WORK INSTRUCTIONS. Your task is to restate word for word the lines in the material below, from the one with "回顾:17172期开奖结果为" up to and including the one with "陽書記在查看項(xiàng)". Do not carry over the pictures.

INFORMATION PROVIDED.

=== Section Start ===

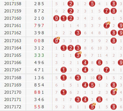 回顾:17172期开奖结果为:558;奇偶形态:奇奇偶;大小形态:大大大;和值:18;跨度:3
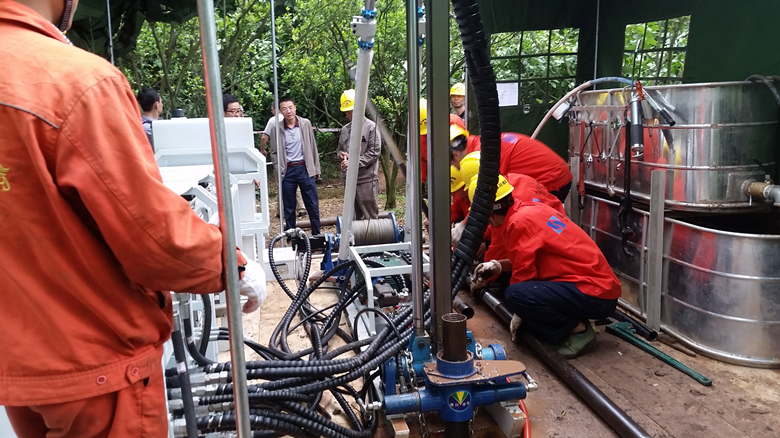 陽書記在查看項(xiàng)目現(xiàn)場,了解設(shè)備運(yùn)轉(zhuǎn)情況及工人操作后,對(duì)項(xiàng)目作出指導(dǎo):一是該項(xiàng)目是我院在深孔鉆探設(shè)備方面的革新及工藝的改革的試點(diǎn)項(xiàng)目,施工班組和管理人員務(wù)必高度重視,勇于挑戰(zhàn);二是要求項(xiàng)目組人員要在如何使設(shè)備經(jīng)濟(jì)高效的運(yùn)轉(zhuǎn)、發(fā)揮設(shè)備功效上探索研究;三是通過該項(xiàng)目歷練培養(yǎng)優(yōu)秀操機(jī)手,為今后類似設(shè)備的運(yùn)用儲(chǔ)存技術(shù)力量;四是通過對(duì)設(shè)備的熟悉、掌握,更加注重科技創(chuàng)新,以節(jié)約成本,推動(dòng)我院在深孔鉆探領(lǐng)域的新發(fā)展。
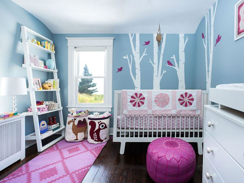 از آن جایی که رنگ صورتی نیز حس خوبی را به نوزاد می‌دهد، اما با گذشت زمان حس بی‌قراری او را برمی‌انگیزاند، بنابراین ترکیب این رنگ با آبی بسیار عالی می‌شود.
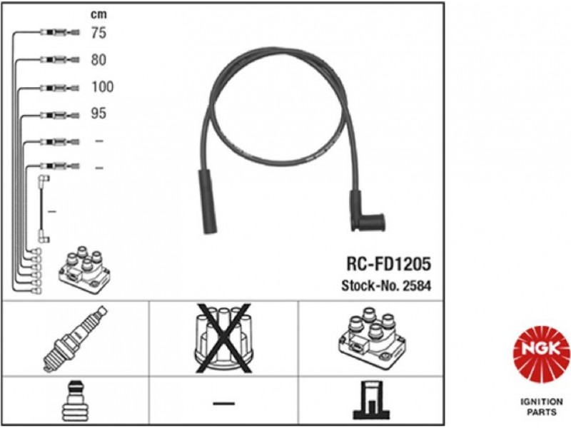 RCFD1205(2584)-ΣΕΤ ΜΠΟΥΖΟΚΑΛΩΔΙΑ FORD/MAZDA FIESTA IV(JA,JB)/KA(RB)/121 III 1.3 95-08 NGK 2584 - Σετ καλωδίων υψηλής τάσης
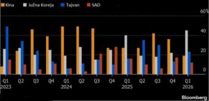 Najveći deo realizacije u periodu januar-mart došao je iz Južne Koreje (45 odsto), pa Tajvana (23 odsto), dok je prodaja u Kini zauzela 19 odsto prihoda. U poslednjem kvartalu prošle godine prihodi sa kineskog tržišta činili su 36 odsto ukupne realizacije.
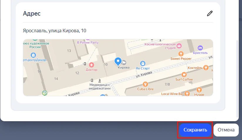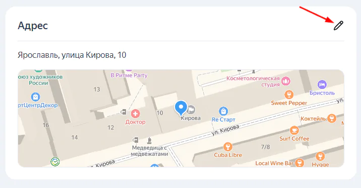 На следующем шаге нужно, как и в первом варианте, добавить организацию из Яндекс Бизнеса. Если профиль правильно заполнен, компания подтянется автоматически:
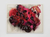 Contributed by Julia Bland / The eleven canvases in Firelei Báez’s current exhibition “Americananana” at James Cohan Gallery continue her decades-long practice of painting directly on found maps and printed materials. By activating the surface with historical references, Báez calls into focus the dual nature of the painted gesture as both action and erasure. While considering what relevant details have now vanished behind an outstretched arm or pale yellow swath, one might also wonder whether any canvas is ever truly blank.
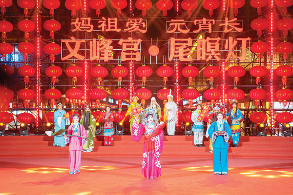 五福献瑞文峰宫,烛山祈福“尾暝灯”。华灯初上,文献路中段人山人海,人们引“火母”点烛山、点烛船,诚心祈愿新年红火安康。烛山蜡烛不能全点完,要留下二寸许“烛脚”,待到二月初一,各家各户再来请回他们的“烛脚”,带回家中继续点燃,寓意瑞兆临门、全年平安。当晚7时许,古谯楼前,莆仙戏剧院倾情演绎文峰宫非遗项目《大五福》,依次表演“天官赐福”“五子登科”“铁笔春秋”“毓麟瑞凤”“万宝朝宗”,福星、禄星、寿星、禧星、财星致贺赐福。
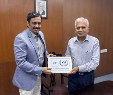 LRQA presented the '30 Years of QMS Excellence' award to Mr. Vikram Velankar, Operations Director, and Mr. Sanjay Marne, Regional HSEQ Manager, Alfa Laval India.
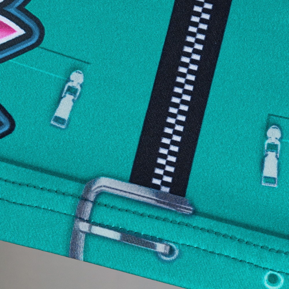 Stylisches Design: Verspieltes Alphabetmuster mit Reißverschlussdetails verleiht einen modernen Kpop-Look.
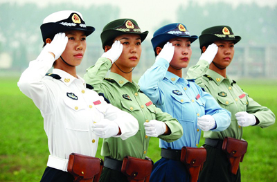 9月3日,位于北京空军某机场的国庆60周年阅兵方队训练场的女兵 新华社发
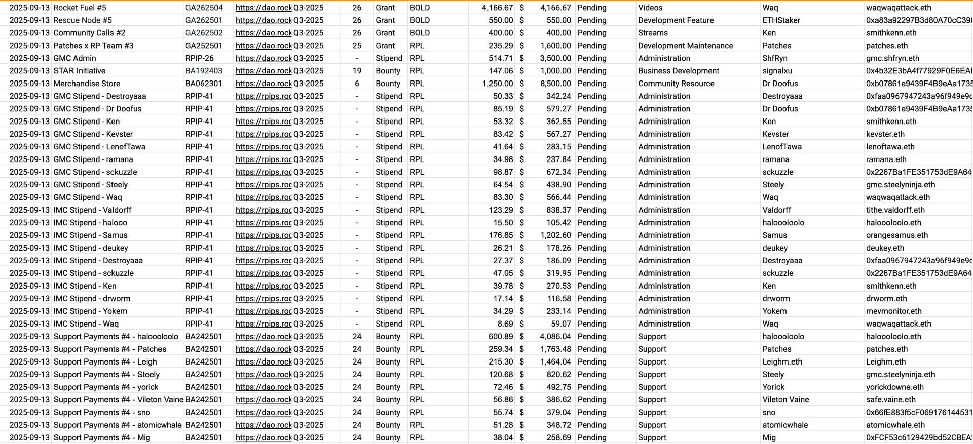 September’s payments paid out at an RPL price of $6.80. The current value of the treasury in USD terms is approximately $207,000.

=== Section End ===
=== Section Start ===

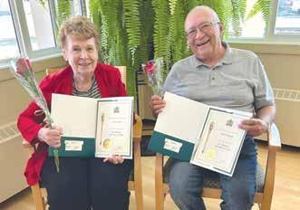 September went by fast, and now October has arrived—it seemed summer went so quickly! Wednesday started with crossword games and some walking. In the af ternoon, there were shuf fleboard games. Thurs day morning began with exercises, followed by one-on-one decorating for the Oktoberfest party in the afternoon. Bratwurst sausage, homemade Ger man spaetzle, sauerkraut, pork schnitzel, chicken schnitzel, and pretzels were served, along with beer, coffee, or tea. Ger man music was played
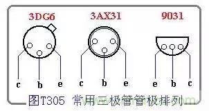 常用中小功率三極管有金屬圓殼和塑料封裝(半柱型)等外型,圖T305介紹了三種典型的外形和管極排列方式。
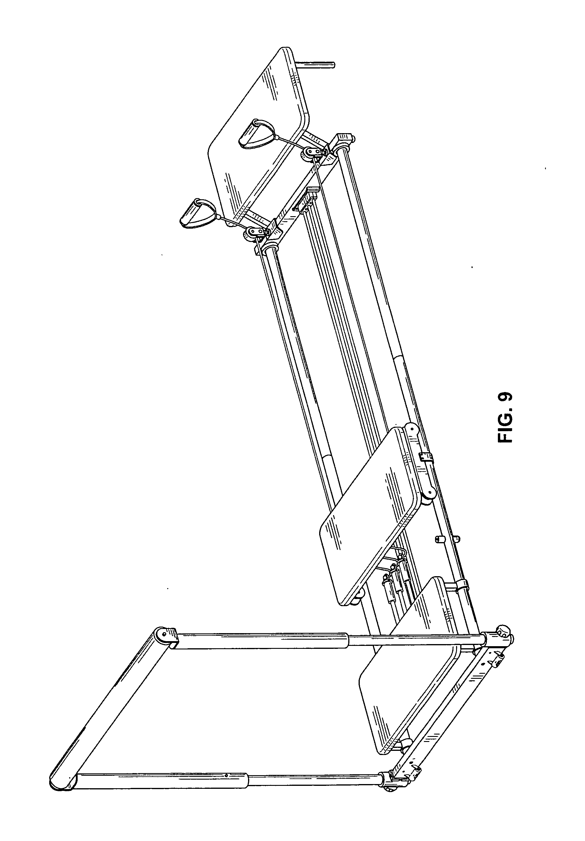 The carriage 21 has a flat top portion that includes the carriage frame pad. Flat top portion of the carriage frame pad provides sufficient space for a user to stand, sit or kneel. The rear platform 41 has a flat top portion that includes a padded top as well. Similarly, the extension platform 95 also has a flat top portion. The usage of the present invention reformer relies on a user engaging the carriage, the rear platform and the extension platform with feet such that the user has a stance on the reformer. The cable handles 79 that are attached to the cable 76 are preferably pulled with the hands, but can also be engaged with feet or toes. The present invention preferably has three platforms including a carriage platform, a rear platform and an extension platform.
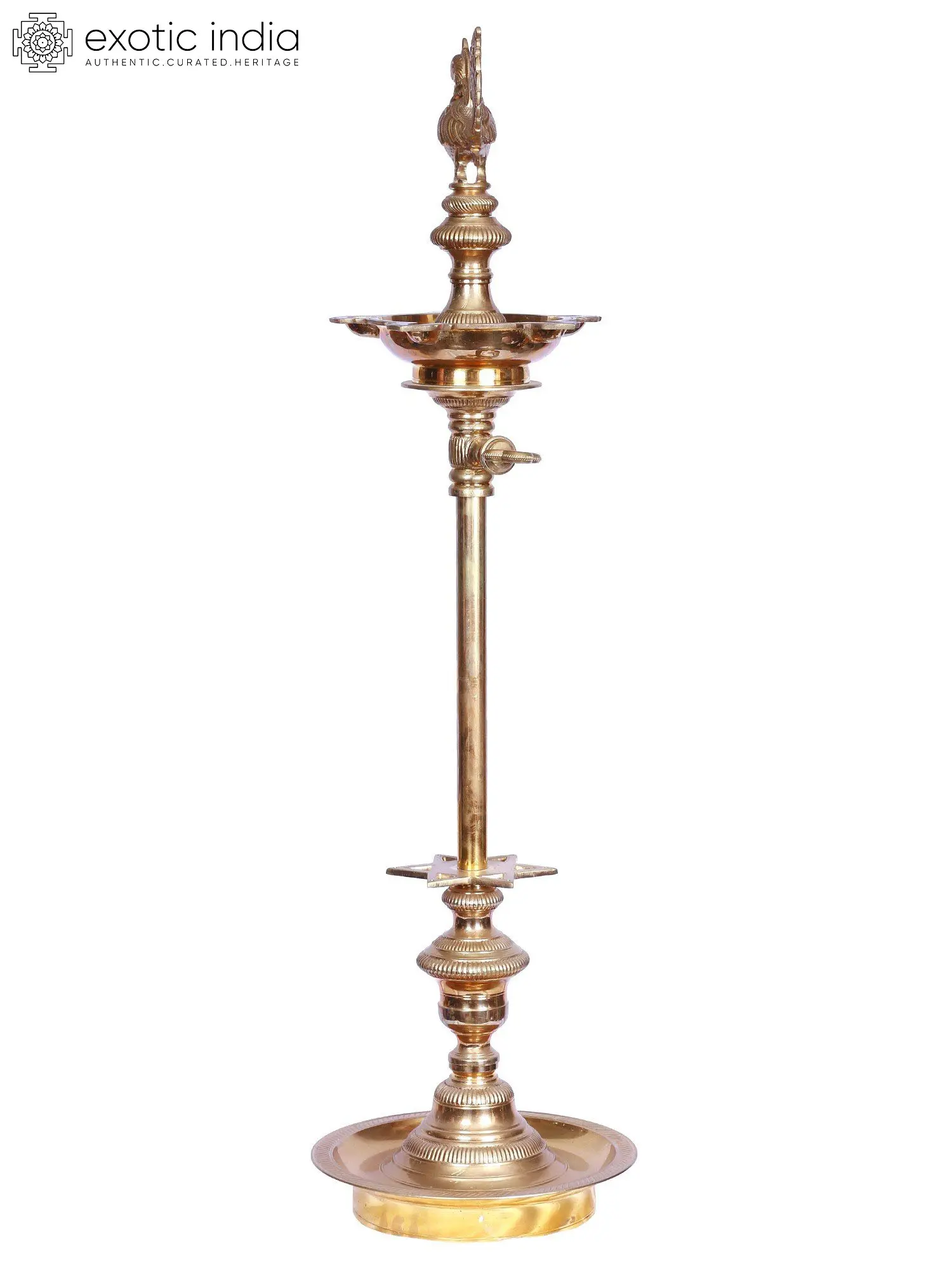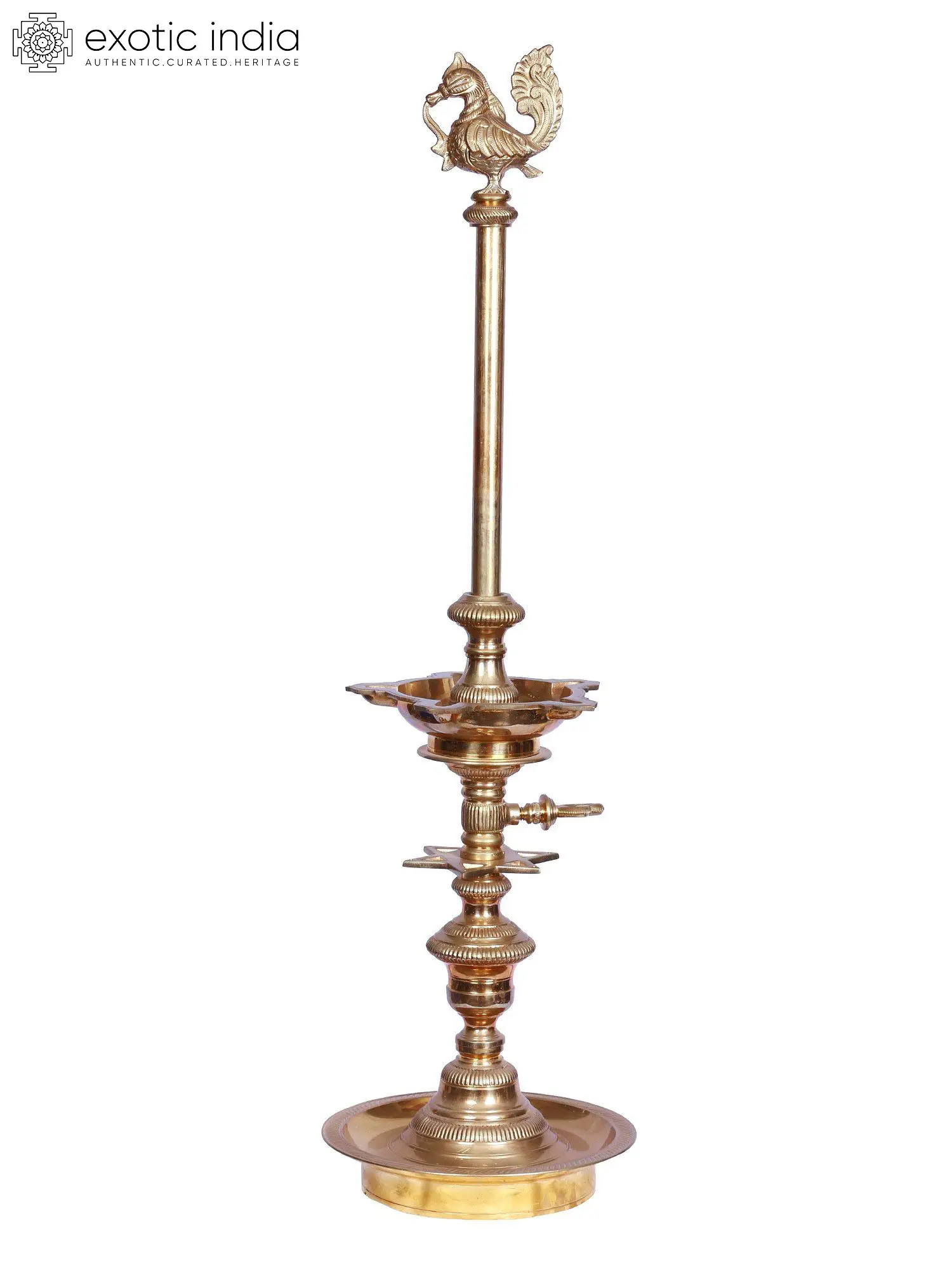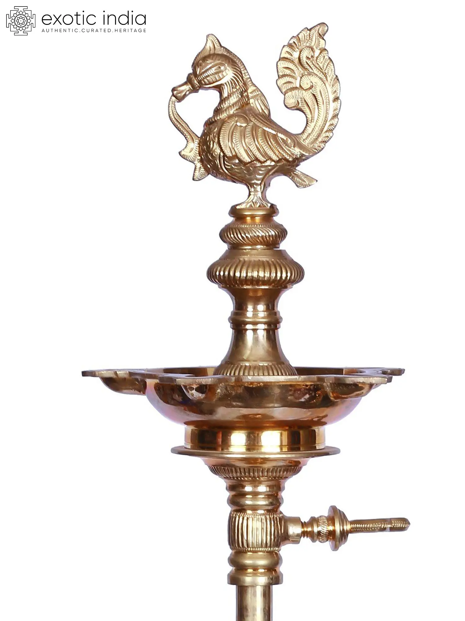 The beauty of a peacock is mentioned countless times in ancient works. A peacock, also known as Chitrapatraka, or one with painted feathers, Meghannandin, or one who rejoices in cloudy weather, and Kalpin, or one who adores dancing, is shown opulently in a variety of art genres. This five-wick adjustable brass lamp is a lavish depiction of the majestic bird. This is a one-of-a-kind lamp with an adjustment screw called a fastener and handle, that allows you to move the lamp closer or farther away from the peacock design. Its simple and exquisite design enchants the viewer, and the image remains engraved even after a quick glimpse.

=== Section End ===

EXERCISE ANSWER.
 回顾:17172期开奖结果为:558;奇偶形态:奇奇偶;大小形态:大大大;和值:18;跨度:3
 陽書記在查看項(xiàng)目現(xiàn)場,了解設(shè)備運(yùn)轉(zhuǎn)情況及工人操作后,對(duì)項(xiàng)目作出指導(dǎo):一是該項(xiàng)目是我院在深孔鉆探設(shè)備方面的革新及工藝的改革的試點(diǎn)項(xiàng)目,施工班組和管理人員務(wù)必高度重視,勇于挑戰(zhàn);二是要求項(xiàng)目組人員要在如何使設(shè)備經(jīng)濟(jì)高效的運(yùn)轉(zhuǎn)、發(fā)揮設(shè)備功效上探索研究;三是通過該項(xiàng)目歷練培養(yǎng)優(yōu)秀操機(jī)手,為今后類似設(shè)備的運(yùn)用儲(chǔ)存技術(shù)力量;四是通過對(duì)設(shè)備的熟悉、掌握,更加注重科技創(chuàng)新,以節(jié)約成本,推動(dòng)我院在深孔鉆探領(lǐng)域的新發(fā)展。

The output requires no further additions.